Authenticity & the Judgy McJudgersons on Social Media
This morning I was scrolling Facebook and came across one of the quiz thingees that diverts you by the hour together, but also posts results to the oblivion of the user. I honestly didn't care and it's easy to scroll on by if one is not interested, but it got me thinking on all the criticism that floats around the topic of social media.
- "This person posts all the time!" (No actual judgement in the statement but we all know the tone in which it is said is usually holier-than-thou) As if to say, if they would've posted one less time that week, we would've deigned our approval. On the flip side we complain that some people "never post anything." Mercy, we just can't be happy, can we?
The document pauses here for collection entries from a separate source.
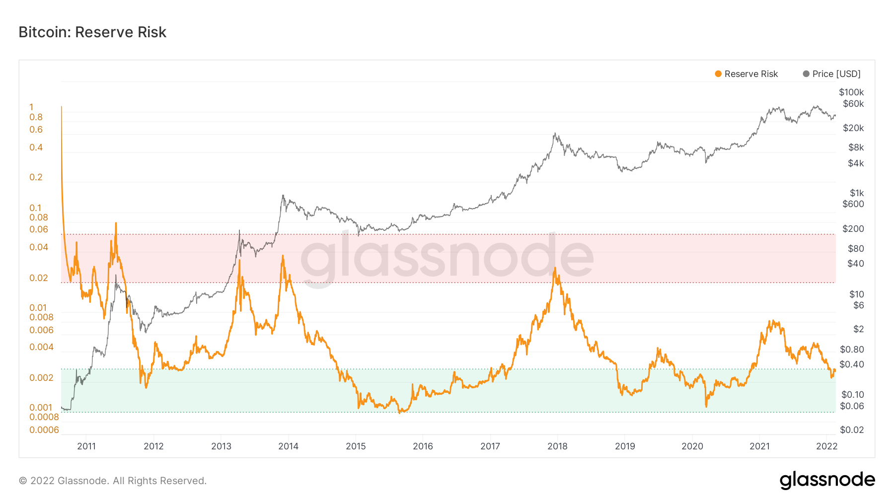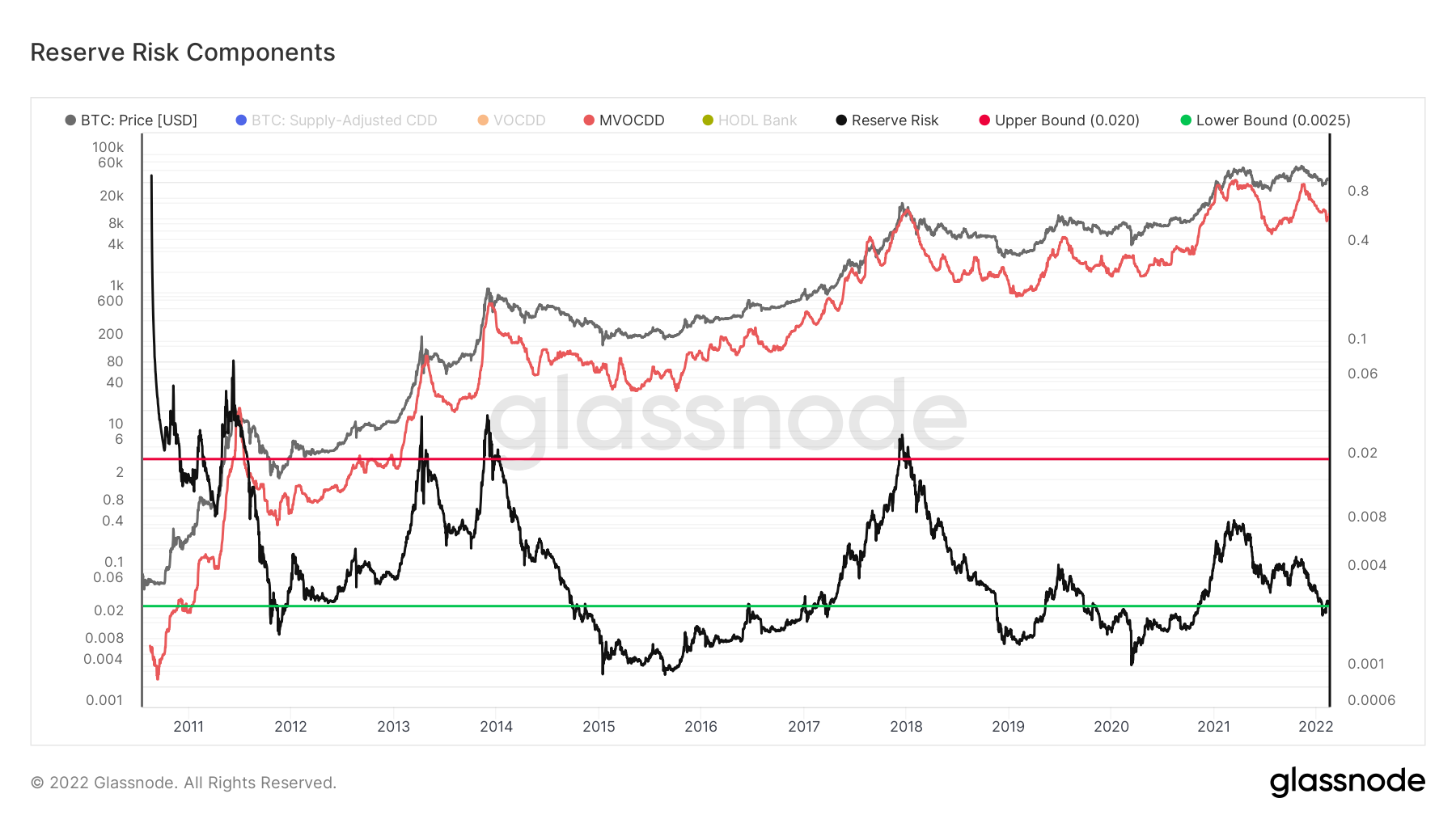 On Jan 24, Bitcoin reserve risk reached a low of 0.0022 — the lowest value since October 2020.
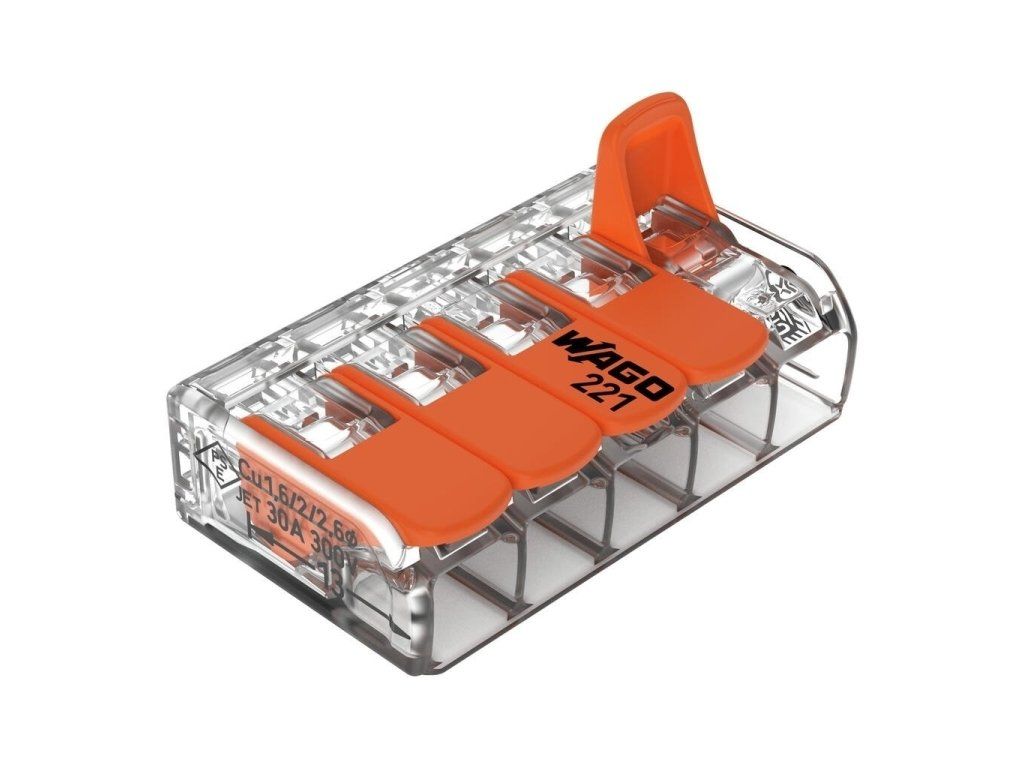 Wago svorka 221 5x6 s ovládací páčkou je určená pro všechny, kdo chtějí snadno spojit více vodičů o průřezu až 6 mm2. Kromě rychlé montáže vyniká i malými rozměry, oproti straším modelům je o 40 % menší. Spojovací svorka je průhledná, takže snadno poznáte, jestli je vodič správně zasunutý. Wago 221 je vhodná do prostředí s okolní teplotou až 60 °C, takže lze používat i pro osvětlení.Doplňkové parametry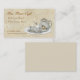 This business card features an elegant tea set with tea pot and two steaming beverage cups on marble look background.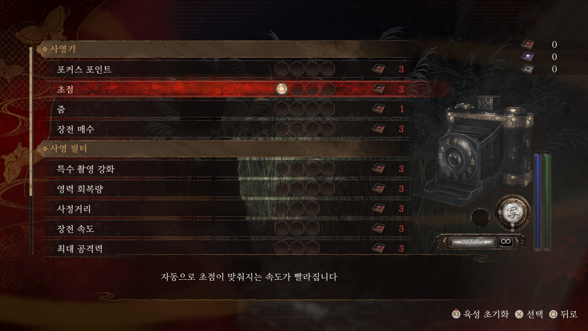 | 영시 | 촬영 가능한 거리(사정거리)가 긴 필터입니다. 특수 촬영 「암」: 촬영한 원령의 시야를 일정 시간 차단합니다. |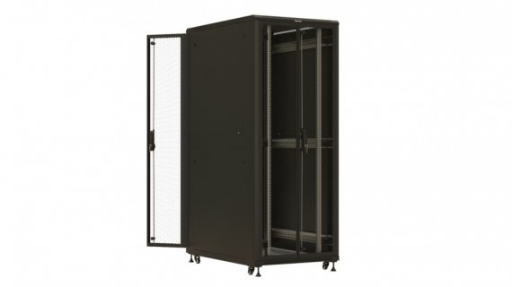 Hyperline TTBR-4288-DD-RAL9004 Шкаф напольный 19-дюймовый, 42U, 2055x800х800 мм (ВхШхГ), передняя и задняя распашные перфорированные двери (75%), ручка с замком, 2 вертикальных кабельных организатора, цвет черный (RAL 9004) (разобранный)

- (Someone uses the word authenticity) "Ugh, authenticity is such a buzzword, can't we come up with something more authentic?"
- "Social media is dangerous! People spend so much time on it!" I agree, we do spend alot of time on it, and it's too powerful to use carelessly, but so is sex and we're not stopping with that anytime soon. Now, ok, that isn't a perfect analogy because procreation is a little more legit than tweeting, but community is a big deal as well and social media has proven that powerful little tribes can be formed: supportive, caring, or for the flip side, vicious. IT FOLLOWS HUMAN NATURE.
PARADOXES AND BOXES
There is so much noise that surrounds the subject of social media. On one hand there are people who are trying to blow the whistle on it (but how exactly when they may as well be blowing the whistle on human kind?) and on the other the people who spend their entire day scrolling the screen and hopping to the summons of a royal notification. To go from hate to obsession isn't really making any strides and it's got to stop.
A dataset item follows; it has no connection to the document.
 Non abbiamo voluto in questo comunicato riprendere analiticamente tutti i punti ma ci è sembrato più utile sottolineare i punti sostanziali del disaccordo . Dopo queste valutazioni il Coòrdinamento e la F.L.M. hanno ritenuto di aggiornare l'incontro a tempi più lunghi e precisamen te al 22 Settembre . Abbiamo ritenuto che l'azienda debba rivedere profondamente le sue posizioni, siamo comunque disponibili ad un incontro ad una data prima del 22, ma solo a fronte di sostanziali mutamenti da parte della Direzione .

It's hard for people to stop and think about what is a wise, moderate course of action. More than that, it's tough to realize that our choices every day [in all things] have more weight on how we use social media than anything else.
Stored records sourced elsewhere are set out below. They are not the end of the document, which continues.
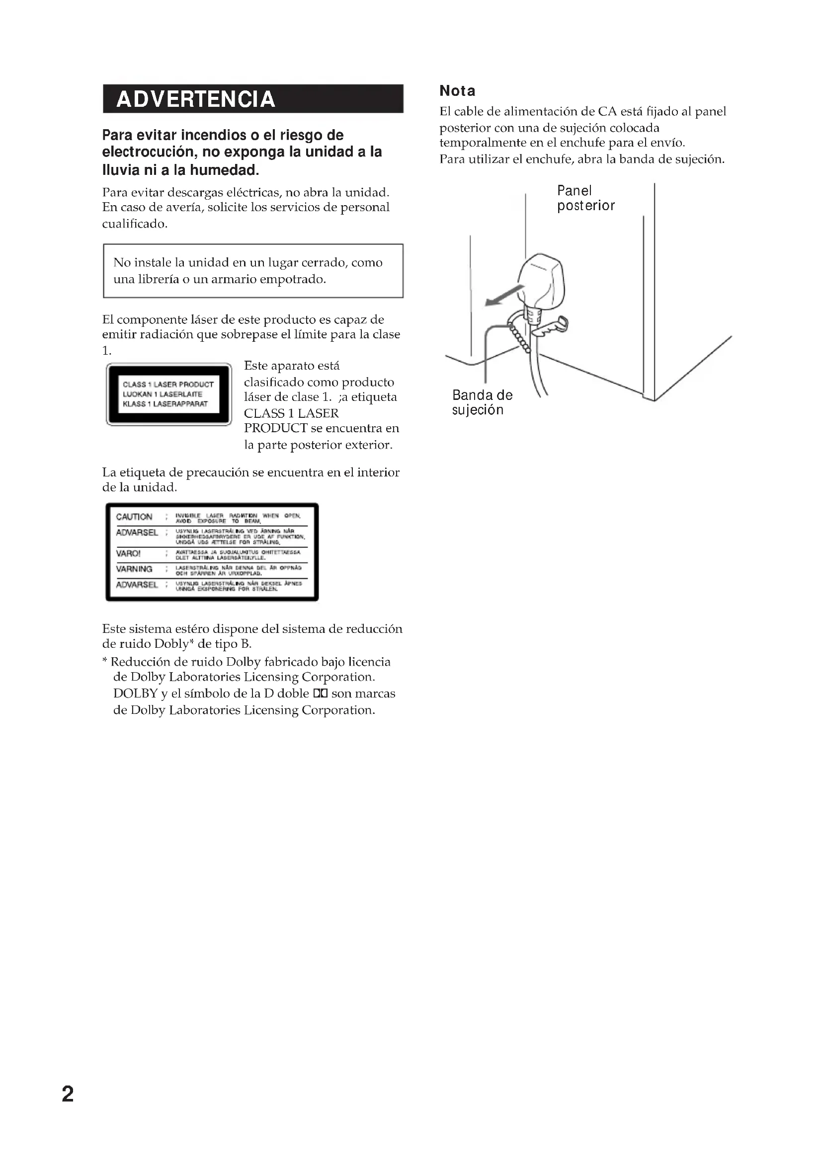 CAUTION : INVISIBLE LASER PADITION WHEN OPEN, AVOID EXPOSURE TO BEAM. ADVARSEL : USYNLIG LASERSTRALING VTD ÄRNING NÄR SMOKERSHESATRIVIDENER ER UDE AT FUNKTION, UNOGÅ UDG. ATTTELSE FOR STRÄLEN. VARO! : AMITTAESSA JA SUJALUNTUS OHITETTAESSA CLET ALTINA LASERSTATEVELLE. VARNING : LASERSTRALING NÄR DENNA DEL AR OPPNÅD OCH SPAINVEN AN UNOXIPPLAD. ADVARSEL : USYNLIG LASERSTRALING NÄR DEKSEL APNES UNOGÅ EKSPONERING FOR STRALEN.Este sistema estéro dispone del sistema de reducción de ruido Dobly* de tipo B.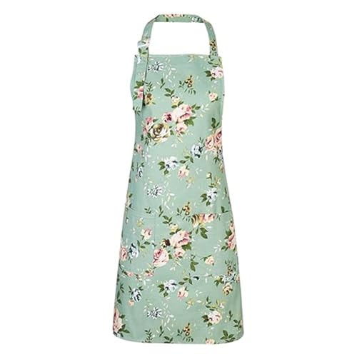 VIDSTW förkläde kvinnor bomull linne, trädgårdsförkläde tryck, köksförkläden justerbar, vattentät och oljebeständig målarförkläde vuxna för kök, matsal, trädgård, kaféer, Grön, 65x44cm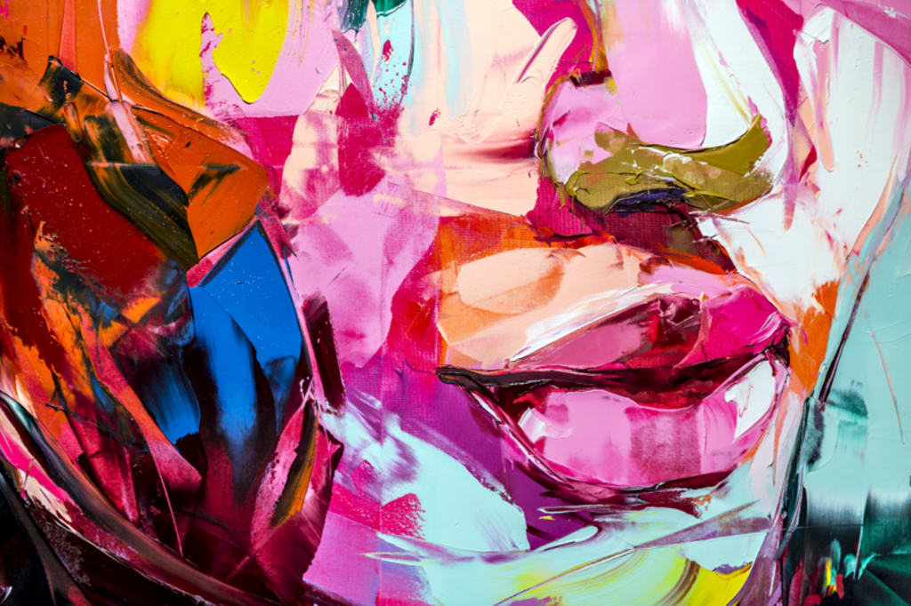 Color can exhaust you, with streaks of blue down a cheek, blemish forming on the skin, the grey hue of despair creeping.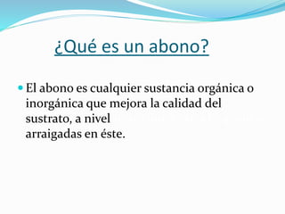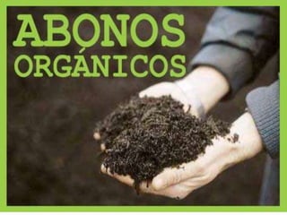 Este documento describe diferentes tipos de abonos, incluyendo abonos orgánicos y minerales. Explica que los abonos mejoran la calidad del sustrato para las plantas al mejorar sus nutrientes. Entre los abonos orgánicos se encuentran el estiércol de diferentes animales como vacas, caballos y cerdos, así como la gallinaza, el compost y el lombricompuesto. El compost se obtiene del proceso de compostaje de materiales biodegradables y constituye un grado intermedio entre la materia orgánica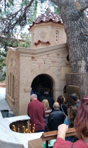 Each year I collected names to take to Saint Nektarios for the nuns to offer in intercession, and I’d also collect money from the congregation. Finally it was over 2000 names and 300 Euro. The little widow * who guarded the chapel would see me, get a big smile and cry “Amerikanós! 𝐴𝑚𝑒𝑟𝑖𝑘𝑎𝑛ó𝑠!” She even let me take pictures where it was not allowed. Devotion to the blessed saint was growing back home at Saint Nicholas Church. We now have a large icon of him, with candles burning before him. I decided maybe that was Saint Nektarios’ purpose in going after me. So on the next two trips I said to him: “Please, no more tricks. You’ve got my attention now, for whatever reason.”

The only thing that can come out on social media is something that is already inside of us.
If we are secretly trolls in the way we think of people, we're probably going to be trolls in comments that feel safe because there's two screens and miles between us. If we are the sort of person who feels superior to everyone else than of course we will look down on social media and people who use it and enjoy it. If we are obsessed with cats, we'll be the person posting all the cute cat videos. If we do not practice moderation in eating and discipline in our personal lives there's small chance we'll be moderate or disciplined about social media.
If you're spending 8 hours a day on social media then it is your life. Are you prepared for that to be your life when you're 80 and dying? It's not going to feel good.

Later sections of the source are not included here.